It's funny how trends from the car underground slop over into the mainstream, and the latest is the matte or "satin" finish, for cars.

It's origins are murky, but it all probably started with the rat rodders. A rat rodder starts with the same car that a traditional hot rodder would cherry up - usually something from the 40s or 50s - and applies most of the same hot rod tricks. The engine will be modified, the body often chopped and channeled, but then the car is deliberately left unfinished. A hand-tooled leather interior is forsworn in favor of Mexican blankets thrown over the original straw-stuffed bench seats. And there is definitely no kandy-colored tangerine-flake anything: a rat rod is traditionally given a coat of primer out of a rattle can, or even left to rust.

Understanding rat rodding means realizing that it's a social movement more than anything else. It's the new generation of greasers in their twenties and thirties giving the bird to the boomers, accusing those former Fonzies of getting soft and selling out. Central to the whole rat rod claim of moral superiority is the fact that rat rodders do their own work, and then drive their creations to the show. Rat rodders have nothing but distain for shiny "trailer queens" -- cars to precious to be driven. But rat rodding have gone beyond the protest phase, they have their own car shows now. The best is probably Billetproof: go if you get a chance.
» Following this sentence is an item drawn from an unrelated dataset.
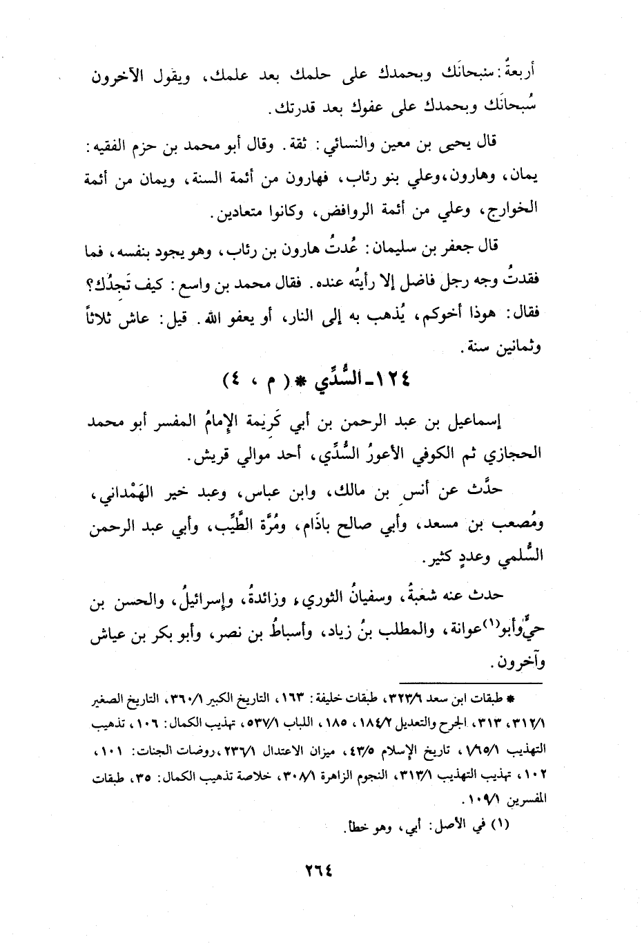 124 - السُّدِّيُّ إِسْمَاعِيْلُ بنُ عَبْدِ الرَّحْمَنِ * (م، 4)

Because when you attend to a rat rod show, you'll realize that these "unfinished" cars actually look great! Better, often, than what you see at a traditional auto show or even a hot rod meet-up. And it's not just my (admittedly warped) aesthetic; The light-absorbing quality of a rat rod primer job has been reinterpted and renamed by the high end auto paint shops. Matte has been showing up on trailer queens for about a year now. Check out this photo of a black matte back Rolls Royce, or these black vinyl wrapped Bimmers. Pretty cool, eh? More importantly, cool in a brand new way. And these examples are from the hot-rodder and tuner crowd, respectively.

Then, two weeks ago, at a car show in Paris, Mazda rolled out the MX-5 Matte and Black "special edition" of the Miata. And just this week there's been a leak from Ford: the new factory-tuned Focus, the RS500 will be, that's right, matte black! Sadly, both cars are limited run and restricted to the European markets, but as this matte blue Lambo indicates, the trend shows no sign of stopping anytime soon. If the momentum holds, we'll see matte paint as a factory option within a decade, most assuredly.